Lamont Library marks a return to the belief that education is based on unrestricted access to all that humanity has thought and experienced, Provost Buck told the audience at the dedication of the new library yesterday afternoon. "Our worser selves have had little confidence in the capacity of man to solve his fate, have treated our students as though they were children, and so have sought to substitute for free inquiry, discipline and restraint," he said.

Buck joined President Conant, Keyes DeWitt Metcalf, University Librarian, Thomas S. Lamont, son of the late Thomas W. Lamont '92, and William D. Weeks '49, president of the Student Council in speaking at the dedication ceremonies in the Library's Forum Room today.

January 11, 1960: The State of the Union

The Socialist virtue of self-criticism has never been an American strong-point, and lately it seems to have deserted the Soviet Union as well. Izvestia recently reported the case of a collective farm which claimed that it had over-fulfilled its quota for egg production by 25 per cent; a check disclosed that the farm had no hens.

Meanwhile, on the American front, the President has delivered his final State of the Union message.
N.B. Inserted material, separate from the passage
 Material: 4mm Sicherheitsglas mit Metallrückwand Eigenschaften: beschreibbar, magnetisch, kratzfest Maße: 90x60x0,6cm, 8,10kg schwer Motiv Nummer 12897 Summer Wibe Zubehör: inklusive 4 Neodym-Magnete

After some pious words about the "definite necessity" of "self-examination," Mr. Eisenhower expresses himself satisfied with the results of seven years of Republican administration. The President, James Reston said last year, has touched upon all the great issues of the age and has come to grips with none of them; this record is unchanged. As one Southern Democrat remarked after last week's message, Mr. Eisenhower continues to feed the country on a diet of "homily grits."
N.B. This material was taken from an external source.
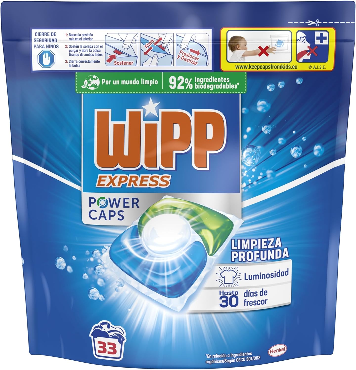 Descubre la eficacia del detergente Wipp Express con este práctico pack de 2. Cada paquete contiene 33 cápsulas que garantizan una limpieza profunda, incluso en agua fría. Perfectas para cualquier tipo de ropa. Además, ¡aprovecha el increíble 70% de descuento en la segunda unidad!
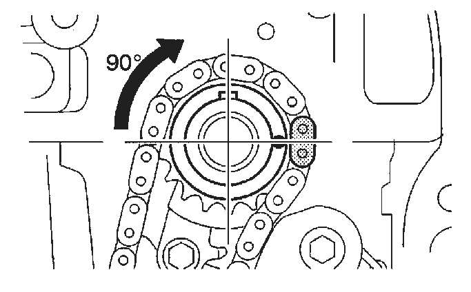 (1)按逆时针方向转动曲轴90º,使机油泵驱动轴链轮的调节孔与机油泵的槽对准,如图1-19所示。

January 9, 1968: Ice Age Returns in 20th Century

Cambridge pulled on its longjohns yesterday as the coldest temperatures in memory put the weekend's eight and a half-inch snowstorm on ice.

Mufflered pedestrians looked like Napoleon's army fleeing Russia as they scrambled past the frozen corpses of cars stranded in the snow.

Hundreds of commuters fumed as they waited hours for local garages to start their cars. Cambridge police showered traffic tickets on vehicles blocking the streets, and 1000 cars were towed in Boston yesterday, the Globe reported.